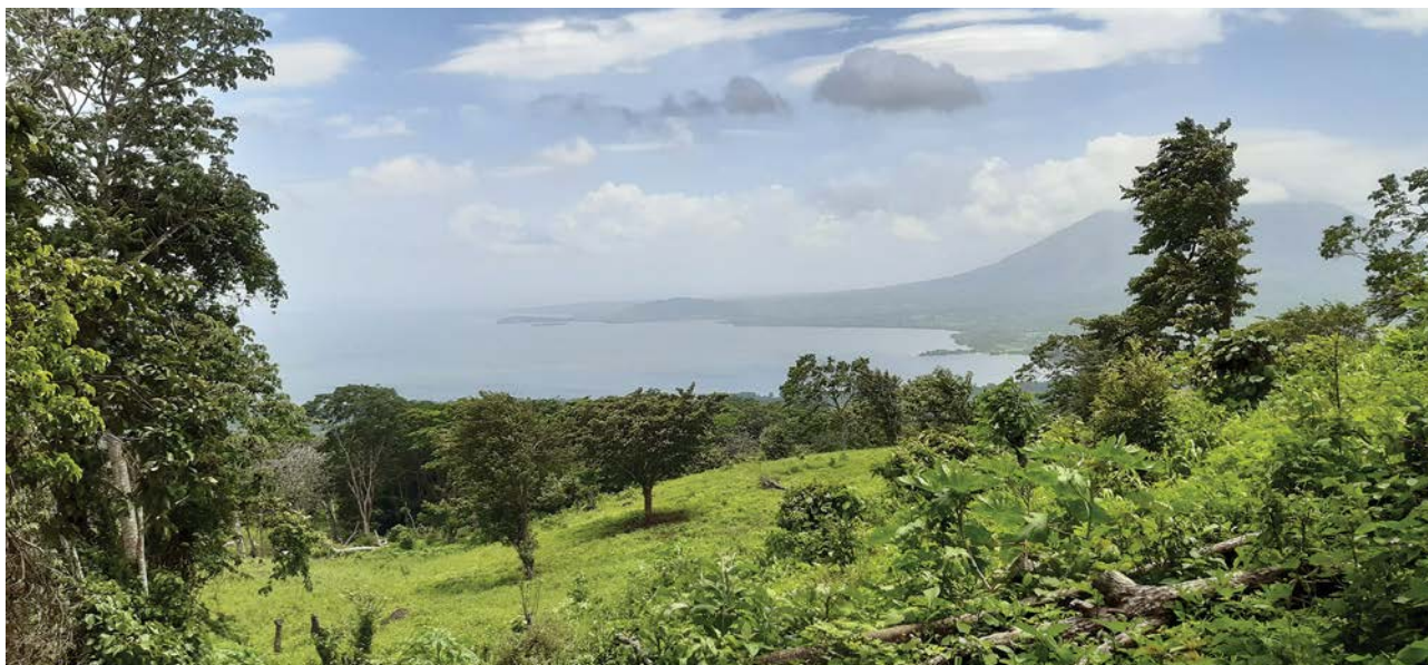
Ometepe Island.

The programme has collaborated with private farms to create an incentive scheme for protection of nests. Farmers receive goods such as machetes, hammers and nails in return for environmental stewardship. The retaliatory killing of birds due to crop raiding is not uncommon, and the programme has worked with farmers to try and reduce this threat.
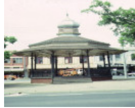
1 queen alexandra bandstand ballarat front detail
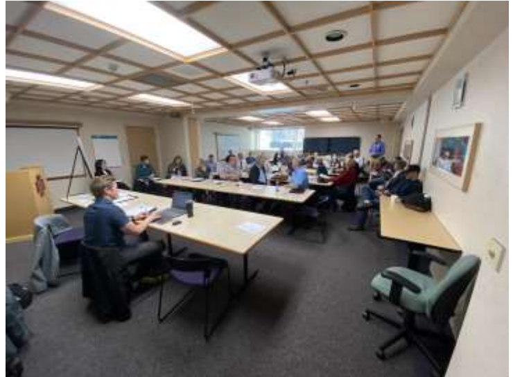
Chapter V February 16th meeting had a great turnout with 31 attendees.
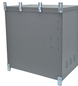
Fig. 1 - Rear view showing six (6) WM2 wall-mount brackets for outdoor UPS.

TSi Power's outdoor mounting bracket series enables the UPS enclosures to be easily mounted against a wall, a pole or a pad. TSi Power will attach the mounting bracket(s) at the factory prior to shipping, when mounting options are required.
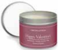
Valentine's Day Tin Candle HVLTC
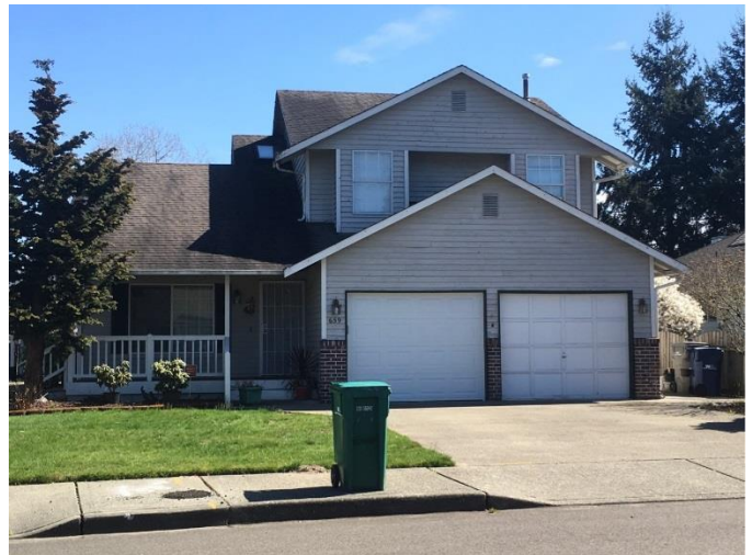
Grade 7 / Year built 1989 / Total Living Area 1700
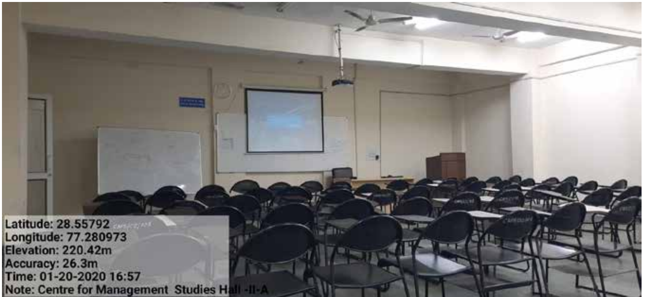
Latitude: 28.55792 Longitude: 77.280973 Elevation: 220.42m Accuracy: 26.3m Time: 01-20-2020 16:57 Note: Centre for Management Studies Hall -II-A
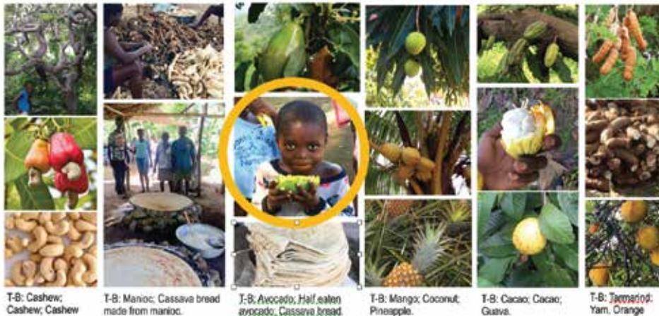
T-B: Cashew; Cashew, Cashew T-B: Manioc; Cassava bread made from manioc. T-B: Avocado; Half eaten avocado, Cassava bread T-B: Mango; Coconut, Pineapple. T-B: Cacao; Cacao; Guava. T-B: Taro/Manioc; Yam, Orange

The bruising yearlong drought of 2019 showed us just how fragile Haiti's food supply is. There is not enough to eat, families are hungry, and malnutrition is up. The situation has worsened due to steadily rising prices of imported food. Food is the ultimate economic asset. It is dependent on the land and farmers, and in turn has foundational value to the local economy. Farm to table should be a short reach. By increasing crop diversity and improving farming methods, the Food Development Program is increasing the reliability and resiliency of the food supply, enriching the diet, and increasing farm income.
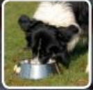
feed the dog
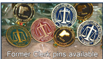
Former Clerk pins available
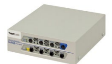
Click to Enlarge 60 V Power Supply

Control of the stepper motors is accomplished through the use of the included joystick. The joystick offers analog control allowing the motorized assembly speed to be controlled continuously between 0.5 nm/s to 2 mm/s and offers a minimum step size of 1.6 \mu\text{m} . Joystick control allows the user to store up to two independent positions in memory and gives simple push button recall to said positions. This allows the user to quickly and reliably switch between two preset positions.

==========

Work instructions » Print the records above again exactly. Leave out the images.

Response to this task »
Ometepe Island.

The programme has collaborated with private farms to create an incentive scheme for protection of nests. Farmers receive goods such as machetes, hammers and nails in return for environmental stewardship. The retaliatory killing of birds due to crop raiding is not uncommon, and the programme has worked with farmers to try and reduce this threat.
1 queen alexandra bandstand ballarat front detail
Chapter V February 16th meeting had a great turnout with 31 attendees.
Fig. 1 - Rear view showing six (6) WM2 wall-mount brackets for outdoor UPS.

TSi Power's outdoor mounting bracket series enables the UPS enclosures to be easily mounted against a wall, a pole or a pad. TSi Power will attach the mounting bracket(s) at the factory prior to shipping, when mounting options are required.
Valentine's Day Tin Candle HVLTC
Grade 7 / Year built 1989 / Total Living Area 1700
Latitude: 28.55792 Longitude: 77.280973 Elevation: 220.42m Accuracy: 26.3m Time: 01-20-2020 16:57 Note: Centre for Management Studies Hall -II-A
T-B: Cashew; Cashew, Cashew T-B: Manioc; Cassava bread made from manioc. T-B: Avocado; Half eaten avocado, Cassava bread T-B: Mango; Coconut, Pineapple. T-B: Cacao; Cacao; Guava. T-B: Taro/Manioc; Yam, Orange

The bruising yearlong drought of 2019 showed us just how fragile Haiti's food supply is. There is not enough to eat, families are hungry, and malnutrition is up. The situation has worsened due to steadily rising prices of imported food. Food is the ultimate economic asset. It is dependent on the land and farmers, and in turn has foundational value to the local economy. Farm to table should be a short reach. By increasing crop diversity and improving farming methods, the Food Development Program is increasing the reliability and resiliency of the food supply, enriching the diet, and increasing farm income.
feed the dog
Former Clerk pins available
Click to Enlarge 60 V Power Supply

Control of the stepper motors is accomplished through the use of the included joystick. The joystick offers analog control allowing the motorized assembly speed to be controlled continuously between 0.5 nm/s to 2 mm/s and offers a minimum step size of 1.6 \mu\text{m} . Joystick control allows the user to store up to two independent positions in memory and gives simple push button recall to said positions. This allows the user to quickly and reliably switch between two preset positions.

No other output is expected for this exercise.